**Raw data:**
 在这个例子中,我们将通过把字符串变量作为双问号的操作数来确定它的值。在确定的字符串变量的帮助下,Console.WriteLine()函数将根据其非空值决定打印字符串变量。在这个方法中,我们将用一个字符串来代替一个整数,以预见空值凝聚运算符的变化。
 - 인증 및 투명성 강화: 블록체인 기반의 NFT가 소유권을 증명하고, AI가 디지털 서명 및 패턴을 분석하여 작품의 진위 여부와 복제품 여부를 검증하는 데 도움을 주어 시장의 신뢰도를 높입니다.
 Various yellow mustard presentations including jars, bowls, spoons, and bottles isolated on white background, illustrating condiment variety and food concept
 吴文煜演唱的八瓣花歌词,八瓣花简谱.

--

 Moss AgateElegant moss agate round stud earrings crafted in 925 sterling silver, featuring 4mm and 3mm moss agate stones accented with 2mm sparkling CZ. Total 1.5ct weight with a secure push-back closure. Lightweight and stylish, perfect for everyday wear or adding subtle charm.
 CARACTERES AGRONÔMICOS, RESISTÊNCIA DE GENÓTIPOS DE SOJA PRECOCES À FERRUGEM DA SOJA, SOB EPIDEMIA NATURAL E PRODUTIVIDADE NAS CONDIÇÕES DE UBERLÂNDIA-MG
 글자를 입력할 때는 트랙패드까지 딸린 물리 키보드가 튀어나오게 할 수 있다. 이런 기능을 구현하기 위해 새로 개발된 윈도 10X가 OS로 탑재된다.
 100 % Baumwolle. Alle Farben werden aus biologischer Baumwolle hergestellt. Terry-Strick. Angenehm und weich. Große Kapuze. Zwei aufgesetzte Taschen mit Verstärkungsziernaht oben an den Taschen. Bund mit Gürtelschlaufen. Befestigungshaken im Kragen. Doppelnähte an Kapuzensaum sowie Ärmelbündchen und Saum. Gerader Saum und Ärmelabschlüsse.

**Exercise details:**
Wherever the line holding "在这个例子中,我们将通过把字" falls in the entries above, copy exactly from it through the line holding "吴文煜演唱的八瓣花歌词,八瓣花简谱.", inclusive, and add nothing.

**Solution:**
 在这个例子中,我们将通过把字符串变量作为双问号的操作数来确定它的值。在确定的字符串变量的帮助下,Console.WriteLine()函数将根据其非空值决定打印字符串变量。在这个方法中,我们将用一个字符串来代替一个整数,以预见空值凝聚运算符的变化。
 - 인증 및 투명성 강화: 블록체인 기반의 NFT가 소유권을 증명하고, AI가 디지털 서명 및 패턴을 분석하여 작품의 진위 여부와 복제품 여부를 검증하는 데 도움을 주어 시장의 신뢰도를 높입니다.
 Various yellow mustard presentations including jars, bowls, spoons, and bottles isolated on white background, illustrating condiment variety and food concept
 吴文煜演唱的八瓣花歌词,八瓣花简谱.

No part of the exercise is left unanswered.